“All the heat and fear had purged itself. I felt surprisingly at peace. The bell jar hung suspended a few feet above my head. I was open to the circulating air. ”
― Sylvia Plath, The Bell Jar
I’ve been writing again and generally feeling better about life. For the millionth time I’m starting on a semi-autobiographical novel that chronicles all the things me and my friends did and/or could have done when we were younger. It’s going to be funny and sad and witty and we will all learn a lesson about life at the end. Or I’ll get bored by the third chapter and it will stay in my ‘Fiction’ folder of abandoned Word documents.
Anyway, here’s the first couple of paragraphs:
Nicole came in to find me sitting on the sofa eating a Topic bar, still in my coat, hair unbrushed. She knew I’d been out last night but she didn’t know the details; sambuca, cocaine, hazy skin-on-skin in the bathroom with a guy with a gap year tan and tattoos. More cocaine, then a stumble home with a tight jaw and an unbearable nicotine craving.
‘You need to sort your life out,’ she said with a steely voice usually reserved for her asshole on-and-off boyfriend. She hung her coat – black wool, very clean, very smart – on the rack and stared at me.
‘I know,’ I said, mouth full of chocolate. ‘I will after I’ve had a shower.’ I kicked my boots off –fake leather, not very clean, slightly slutty – to prove that I meant business too.
‘I mean in general,’ she said. ‘You can’t keep living like this.’
I wanted to tell her about the permanent tightness in my head. About the constant slow trickle of irrational anxiety into my bloodstream. How doing anything other than self-destructing felt like trying to kickbox at high altitude. But I didn’t. I nodded my head and promised her that I would clean up my act.
I think she was disappointed that moving in with her didn’t automatically turn me into an upstanding citizen but, much like soldiers with PTSD, you can’t just stick someone into normal society and expect them to adapt straight away. You don’t just develop a healthy sense of self-worth when you’ve felt like vermin for so long.

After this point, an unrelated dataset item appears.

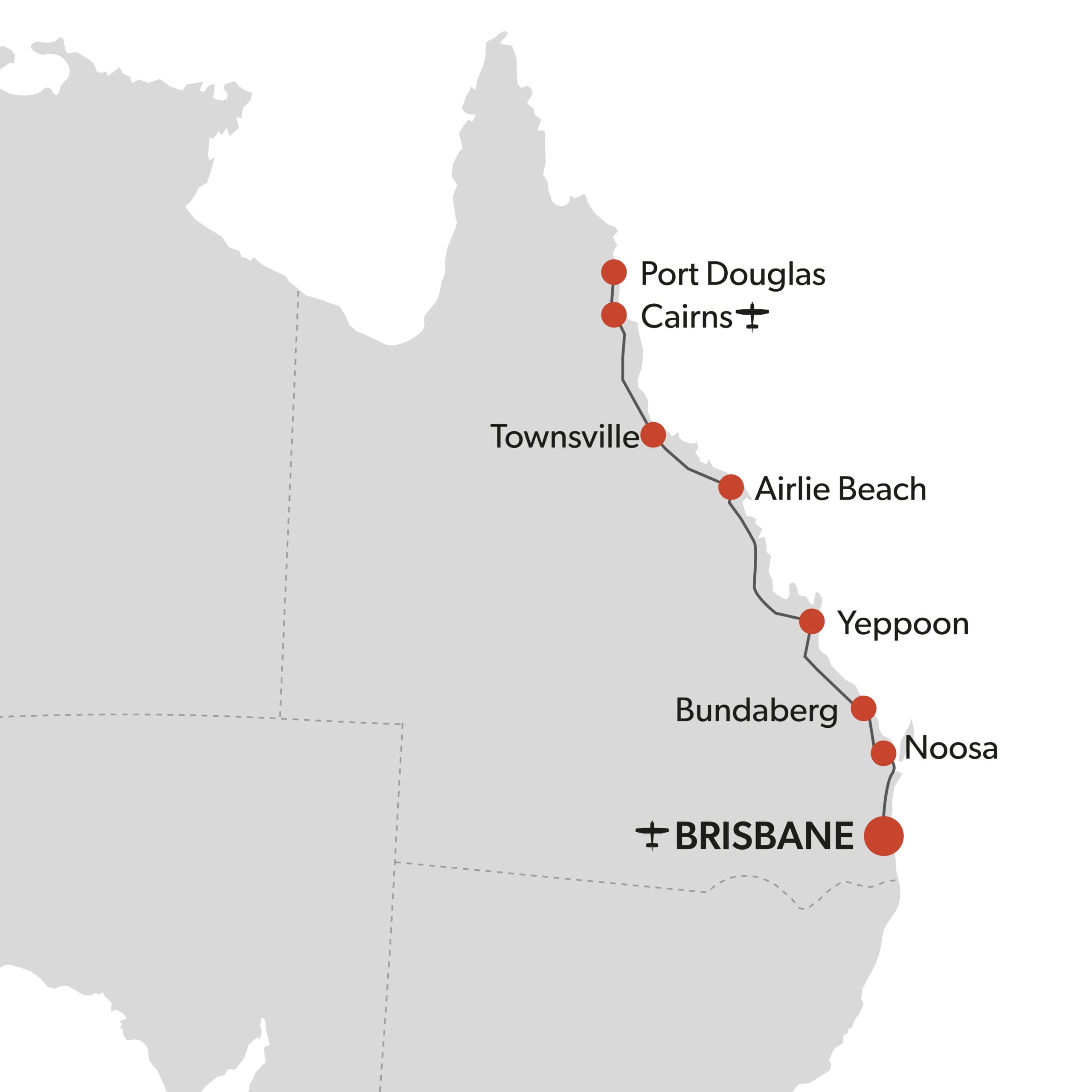 Der Sonne entgegen erkunden Sie auf dieser Selbstfahrerreise die Highlights des australischen Sonnenstaats. Von den bunten Stadtlichtern Brisbanes vorbei an der belebten Sunshine Coast, über die größte Sandinsel der Welt "K'gari", die atemberaubende Inselwelt der Whitsunday Islands, bis in den tropischen Norden, wo die farbenfrohe Schönheit des Great Barrier Reef auf die satten Grüntöne des Daintree-Rainforest, einem der ältesten tropischen Regenwälder der Welt, trifft. Erleben Sie die wundervolle Flora und Fauna, lassen Sich von der Freundlichkeit der Queenslander anstecken und genießen das entspannte Flair der Ostküste.

At least I’d given up on trying to run away from my past and almost never felt suicidal anymore. When I did, I no longer had intense visuals of my body shutting down organ-by-organ from a massive overdose or rotting away in an overflowing bath with flayed wrists. I just imagined what it would be like to no longer be around. I didn’t think it would make people’s lives better but I definitely believed it wouldn’t make things worse. But I’d stopped planning it. I just promised myself that if by the age of forty I was a chubby suburban housewife with kids and an office rat husband, I would step in front of a train. Preferably the Eurostar, to fuck up more people’s days. Welcome to the UK.
I shook my head to chase away images of goggle-eyed lycée students live tweeting about my guts all over the tracks. Nicole and all the others were right; my life could be so much worse. And I’d always ranted about people who refused to help themselves get out of whatever bad situation they were in.
Now that I was one of them, it didn’t seem quite so easy.